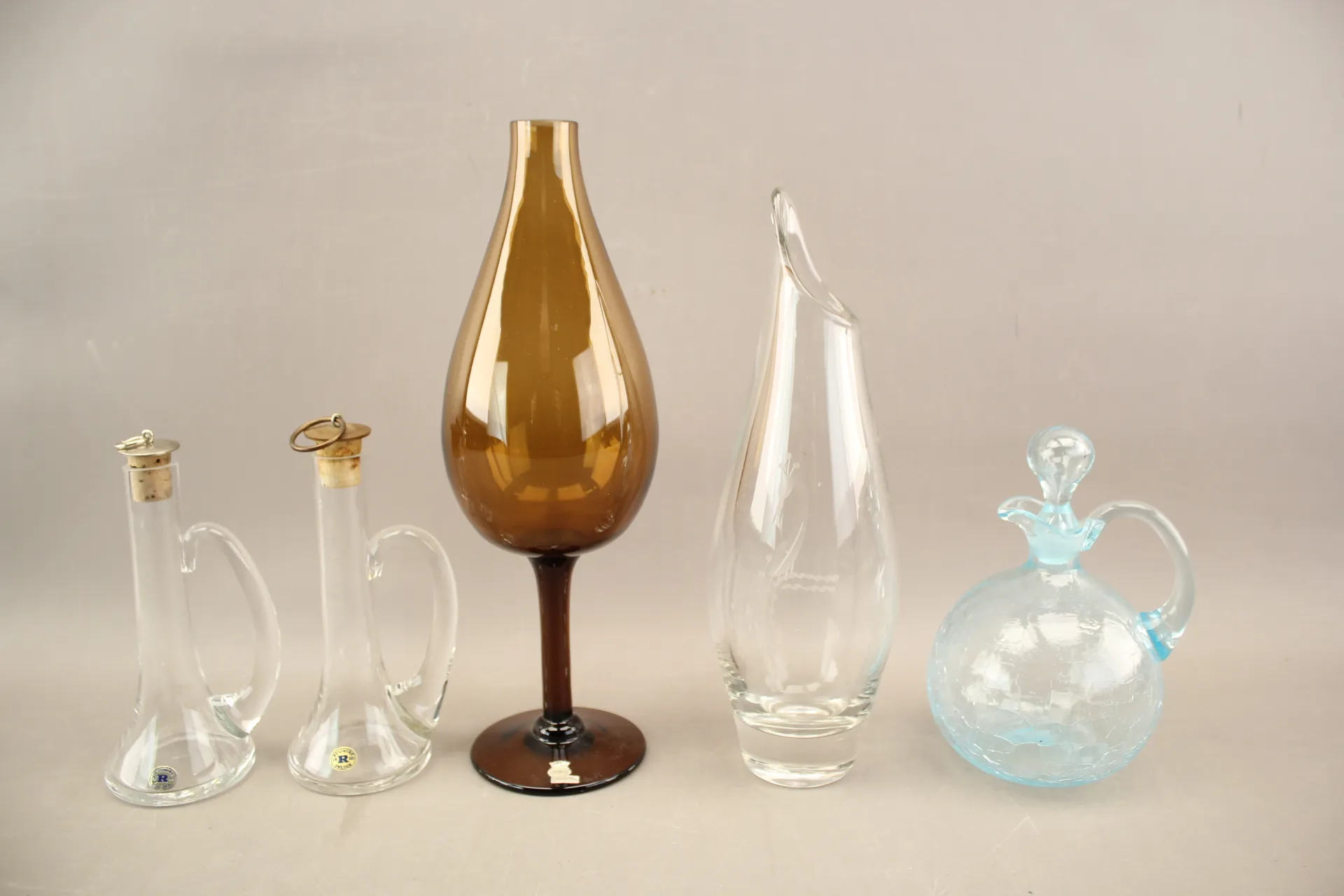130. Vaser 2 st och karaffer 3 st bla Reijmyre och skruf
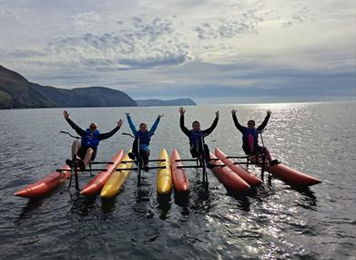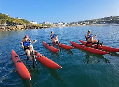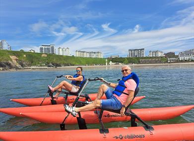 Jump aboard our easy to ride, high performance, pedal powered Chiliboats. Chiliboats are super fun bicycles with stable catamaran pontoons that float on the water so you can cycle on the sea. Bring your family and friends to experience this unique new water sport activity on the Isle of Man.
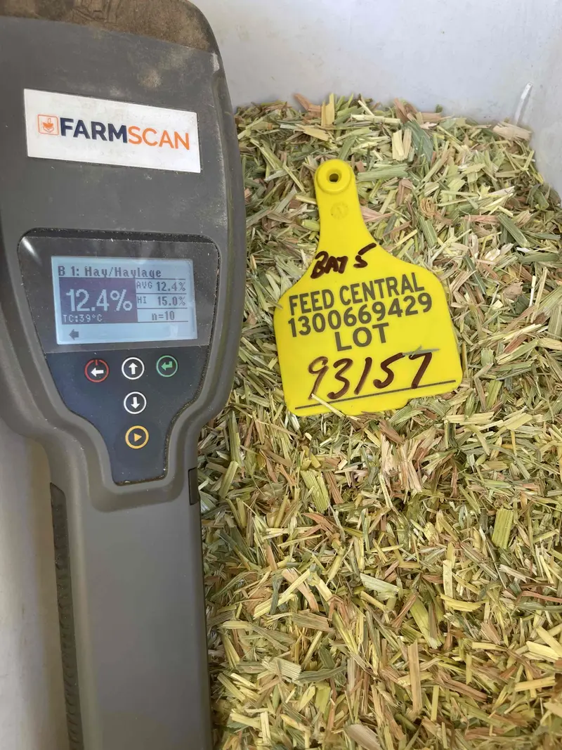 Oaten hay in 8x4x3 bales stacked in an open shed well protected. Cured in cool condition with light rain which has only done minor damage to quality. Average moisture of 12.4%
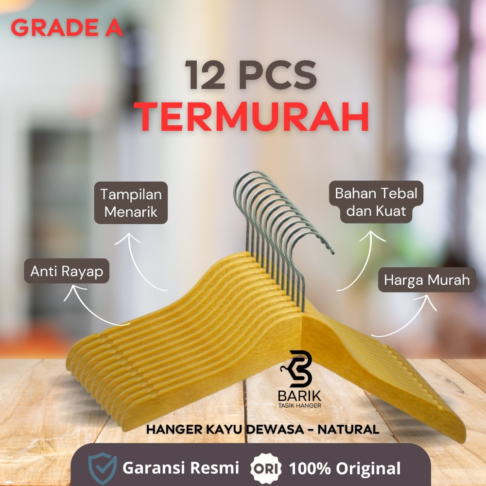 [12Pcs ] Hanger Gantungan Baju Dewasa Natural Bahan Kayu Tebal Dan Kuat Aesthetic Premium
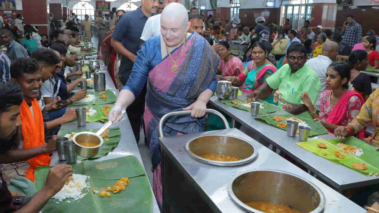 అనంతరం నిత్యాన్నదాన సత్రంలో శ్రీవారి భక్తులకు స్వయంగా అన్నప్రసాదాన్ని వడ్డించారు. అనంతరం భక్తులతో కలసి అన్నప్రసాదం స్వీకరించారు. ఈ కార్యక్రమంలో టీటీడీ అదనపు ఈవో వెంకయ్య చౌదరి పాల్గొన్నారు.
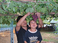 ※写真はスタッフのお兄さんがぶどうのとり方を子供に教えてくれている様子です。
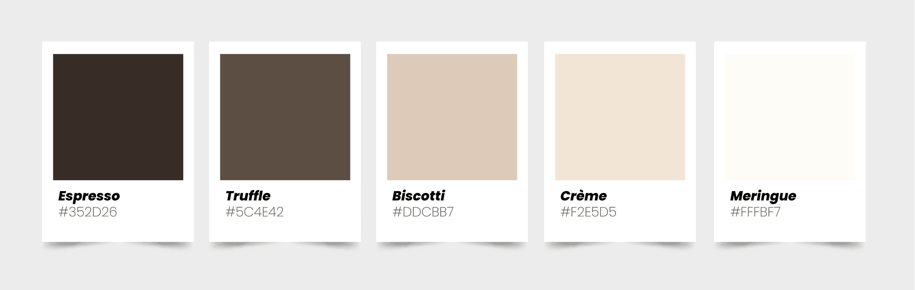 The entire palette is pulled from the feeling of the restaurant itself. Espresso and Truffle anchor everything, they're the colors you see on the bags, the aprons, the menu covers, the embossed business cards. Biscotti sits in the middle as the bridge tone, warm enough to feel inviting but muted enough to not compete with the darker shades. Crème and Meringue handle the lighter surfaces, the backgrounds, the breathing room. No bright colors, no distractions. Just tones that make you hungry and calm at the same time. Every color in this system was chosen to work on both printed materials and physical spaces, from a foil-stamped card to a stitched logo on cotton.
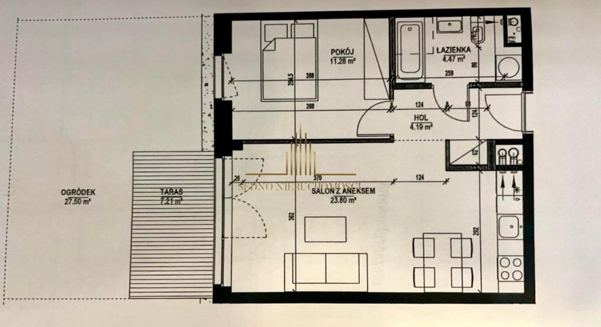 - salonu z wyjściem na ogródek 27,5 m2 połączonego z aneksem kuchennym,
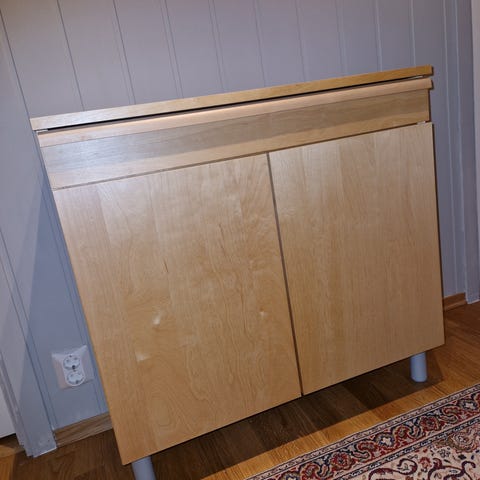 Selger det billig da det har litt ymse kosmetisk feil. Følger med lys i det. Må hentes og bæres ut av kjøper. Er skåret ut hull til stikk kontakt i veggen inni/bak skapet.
■ ■ ■ ■
### Directions for this task
Return the material verbatim; the images are not to appear in the copy.

### Result
130. Vaser 2 st och karaffer 3 st bla Reijmyre och skruf
 Jump aboard our easy to ride, high performance, pedal powered Chiliboats. Chiliboats are super fun bicycles with stable catamaran pontoons that float on the water so you can cycle on the sea. Bring your family and friends to experience this unique new water sport activity on the Isle of Man.
 Oaten hay in 8x4x3 bales stacked in an open shed well protected. Cured in cool condition with light rain which has only done minor damage to quality. Average moisture of 12.4%
 [12Pcs ] Hanger Gantungan Baju Dewasa Natural Bahan Kayu Tebal Dan Kuat Aesthetic Premium
 అనంతరం నిత్యాన్నదాన సత్రంలో శ్రీవారి భక్తులకు స్వయంగా అన్నప్రసాదాన్ని వడ్డించారు. అనంతరం భక్తులతో కలసి అన్నప్రసాదం స్వీకరించారు. ఈ కార్యక్రమంలో టీటీడీ అదనపు ఈవో వెంకయ్య చౌదరి పాల్గొన్నారు.
 ※写真はスタッフのお兄さんがぶどうのとり方を子供に教えてくれている様子です。
 The entire palette is pulled from the feeling of the restaurant itself. Espresso and Truffle anchor everything, they're the colors you see on the bags, the aprons, the menu covers, the embossed business cards. Biscotti sits in the middle as the bridge tone, warm enough to feel inviting but muted enough to not compete with the darker shades. Crème and Meringue handle the lighter surfaces, the backgrounds, the breathing room. No bright colors, no distractions. Just tones that make you hungry and calm at the same time. Every color in this system was chosen to work on both printed materials and physical spaces, from a foil-stamped card to a stitched logo on cotton.
 - salonu z wyjściem na ogródek 27,5 m2 połączonego z aneksem kuchennym,
 Selger det billig da det har litt ymse kosmetisk feil. Følger med lys i det. Må hentes og bæres ut av kjøper. Er skåret ut hull til stikk kontakt i veggen inni/bak skapet.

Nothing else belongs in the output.